### Stored data

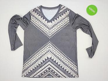Bluzka damska z długim rękawem, rozmiar L. - Wzór: geometryczny, retro – beżowo-szare prostokąty i owalne motywy na białym tle - Fason: luźny, prosty krój - Dekolt: w serek z krótką listwą guzikow...
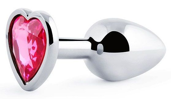 Купить Серебристая анальная пробка с малиновым кристаллом-сердечком - 7 см. Anal Jewelry Plug по лучшей цене с доставкой - секс-шоп Ynunu.ru
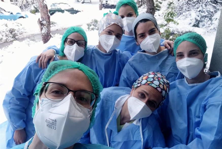 Μία μητέρα ανηλίκου που ήταν στο πόστο της για πάνω από 48 ώρες, μία μητέρα δύο ανήλικων που έκανε δύο συνεχόμενες νοσηλευτικές βάρδιες. Τέσσερα κορίτσια χωρίς καν μόνιμη δουλειά, που αποκλείστηκαν στο νοσοκομείο, και δούλεψαν και το επόμενο πρωί», γράφει η νοσηλεύτρια για τα πρόσωπα της φωτογραφίας και προσθέτει.
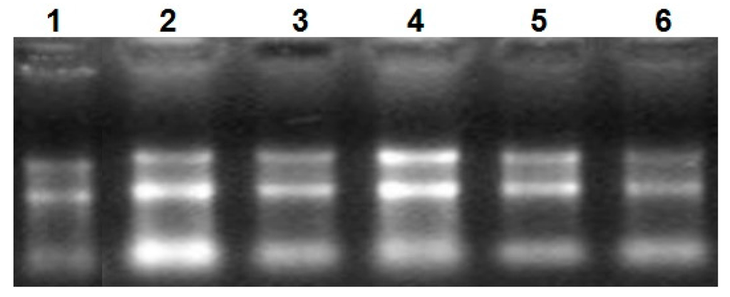 Figure 1. The electrophoretogram of RNA. From1 to 6, the results represent heart tissue, liver tissue, small intestine tissue, longissimus dorsi tissue, hind shin tissue, adipose tissue, respectively.
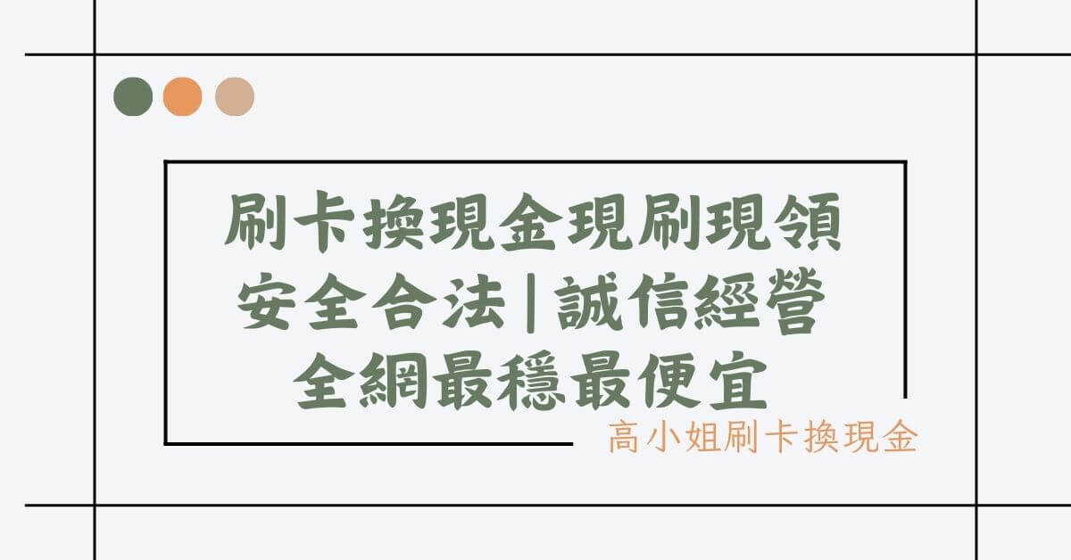 「刷卡換現金」是用信用卡額度購買商品,由高小姐付現直接收購,可以快速取得現金!跟平常的消費行為相近,但你當使用信用卡購買商品後,可以將這些商品轉售給別人,以換取現金。
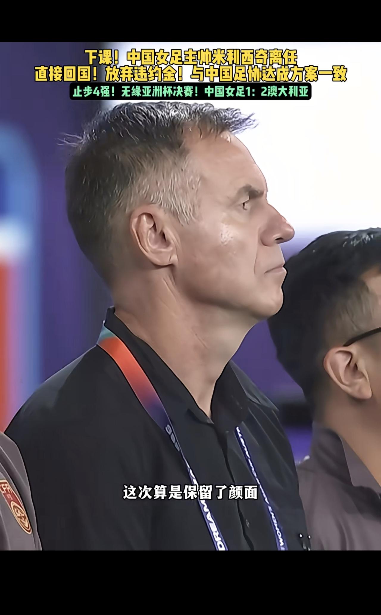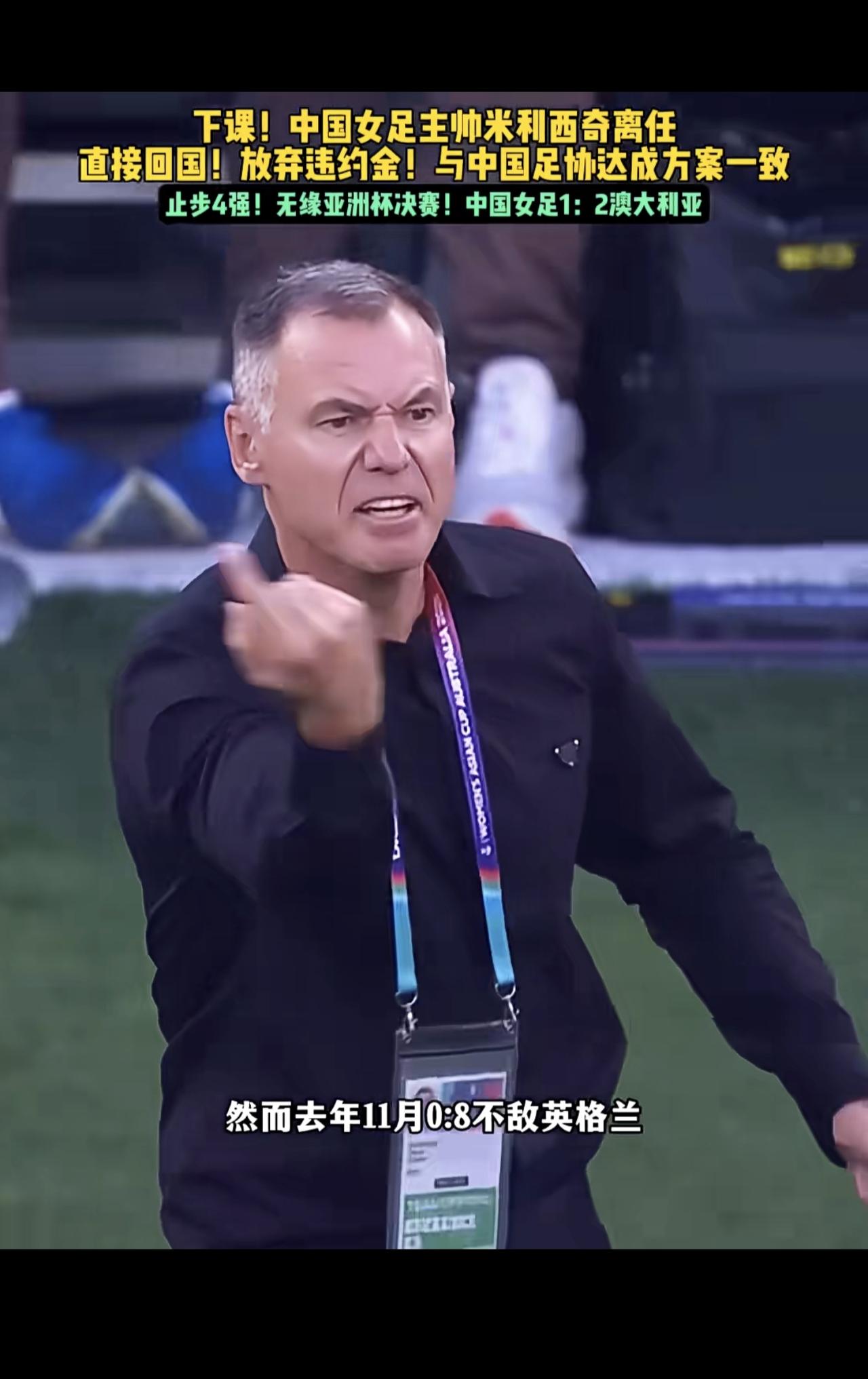 下课!放弃违约金!中国女足主帅米利西奇决定离任!直接回克罗地亚!

### Directions
Apart from the pictures, all of the data must be duplicated exactly as shown above.

### Solved exercise
Bluzka damska z długim rękawem, rozmiar L. - Wzór: geometryczny, retro – beżowo-szare prostokąty i owalne motywy na białym tle - Fason: luźny, prosty krój - Dekolt: w serek z krótką listwą guzikow...
 Купить Серебристая анальная пробка с малиновым кристаллом-сердечком - 7 см. Anal Jewelry Plug по лучшей цене с доставкой - секс-шоп Ynunu.ru
 Μία μητέρα ανηλίκου που ήταν στο πόστο της για πάνω από 48 ώρες, μία μητέρα δύο ανήλικων που έκανε δύο συνεχόμενες νοσηλευτικές βάρδιες. Τέσσερα κορίτσια χωρίς καν μόνιμη δουλειά, που αποκλείστηκαν στο νοσοκομείο, και δούλεψαν και το επόμενο πρωί», γράφει η νοσηλεύτρια για τα πρόσωπα της φωτογραφίας και προσθέτει.
 Figure 1. The electrophoretogram of RNA. From1 to 6, the results represent heart tissue, liver tissue, small intestine tissue, longissimus dorsi tissue, hind shin tissue, adipose tissue, respectively.
 「刷卡換現金」是用信用卡額度購買商品,由高小姐付現直接收購,可以快速取得現金!跟平常的消費行為相近,但你當使用信用卡購買商品後,可以將這些商品轉售給別人,以換取現金。
 下课!放弃违约金!中国女足主帅米利西奇决定离任!直接回克罗地亚!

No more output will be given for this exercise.